— Directions for this task —
The answer must consist solely of the lines from the line with "Longueur fermé 10.5cm" to the final line of the data below, reproduced exactly, pictures omitted.

— Records for the exercise —
____________________

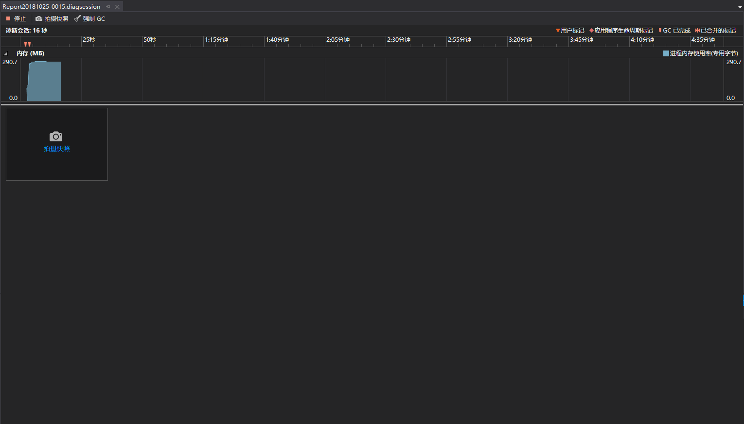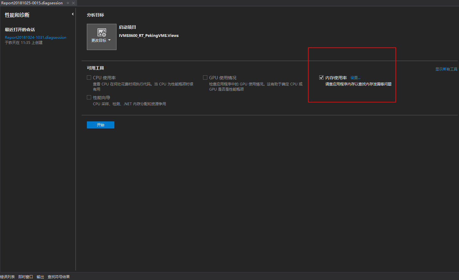 在VS2013菜单分析-》性能和诊断,打开的界面如下,并勾选内存使用率选项。
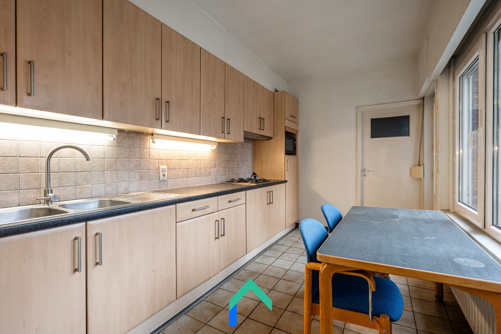 Dit handelspand is bijzonder goed zichtbaar dankzij de grote vitrine en de rechtstreekse toegang vanaf de straat. Binnen beschikt u over een ruimte van circa 25 m², ideaal voor vrije beroepen, kleine kantoren of een gezellige winkel. De ruime hal vormt de verbinding tussen de professionele ruimte en het appartement. Hier bevinden zich ook een apart toilet en een gerenoveerde badkamer met douche, lavabo en handdoekradiator. Achteraan bevindt zich een ruime en lichtrijke woonkamer. Deze sluit enerzijds aan op de keuken, die uitkijkt op de binnenkoer en de privé parkeerplaats, en anderzijds op de twee slaapkamers.
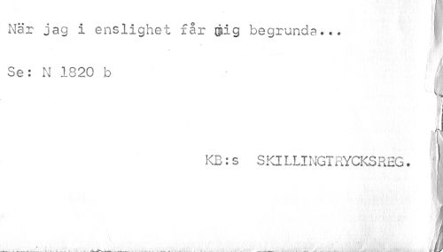 //// När jag i enslighet får ©ig begrunda... Se: N 1820 b //// 1 //// 1 //// ffl //// i //// f //// I //// KB:s SKILLINGTRYCKSREG. i //// 11 //// m //// å y ////
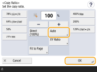 When copying in equal copy ratio to paper that has the same size as the original, the edges of the copied image may be slightly missing. To avoid this, reduce the size of the image by pressing <Copy Ratio> <Fit to Page> to obtain the missing edges of the image.If you select <Fit to Page>, <Shift> is automatically set to <Center>. You cannot scan highly transparent originals, such as transparencies, using the Auto setting for Copy Ratio. Use the Preset Zoom or Zoom by Percentage mode instead. If you set <Auto>, you have to select a paper size manually. If you do not select a paper size, the copy ratio is automatically set to match the size of paper loaded in paper drawer 1. |
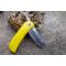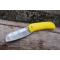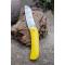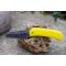 Longueur fermé 10.5cm hors lentille - Lame en acier damas 128 couches - Lame de type sheepfoot - Lentille - Longueur ouvert 18cm - Manche en résine yellow - Fabrication artisanale - Vis de serrage de la lame
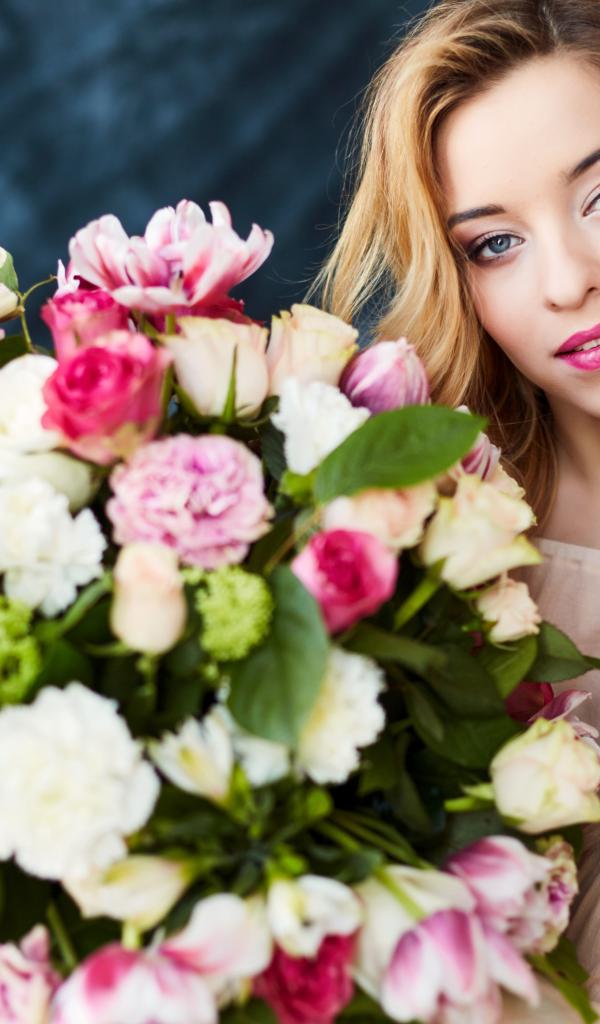 Wallpaper Beautiful gentle girl blonde with a big bouquet
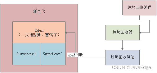 此时必然触发Minor GC,有专门GC线程执行GC,且对不同内存区域有不同垃圾回收器,这相当于GC线程和垃圾回收器配合,使用自己的GC算法对指定内存区域执GC:

____________________

— Answer —
 Longueur fermé 10.5cm hors lentille - Lame en acier damas 128 couches - Lame de type sheepfoot - Lentille - Longueur ouvert 18cm - Manche en résine yellow - Fabrication artisanale - Vis de serrage de la lame
 Wallpaper Beautiful gentle girl blonde with a big bouquet
 此时必然触发Minor GC,有专门GC线程执行GC,且对不同内存区域有不同垃圾回收器,这相当于GC线程和垃圾回收器配合,使用自己的GC算法对指定内存区域执GC:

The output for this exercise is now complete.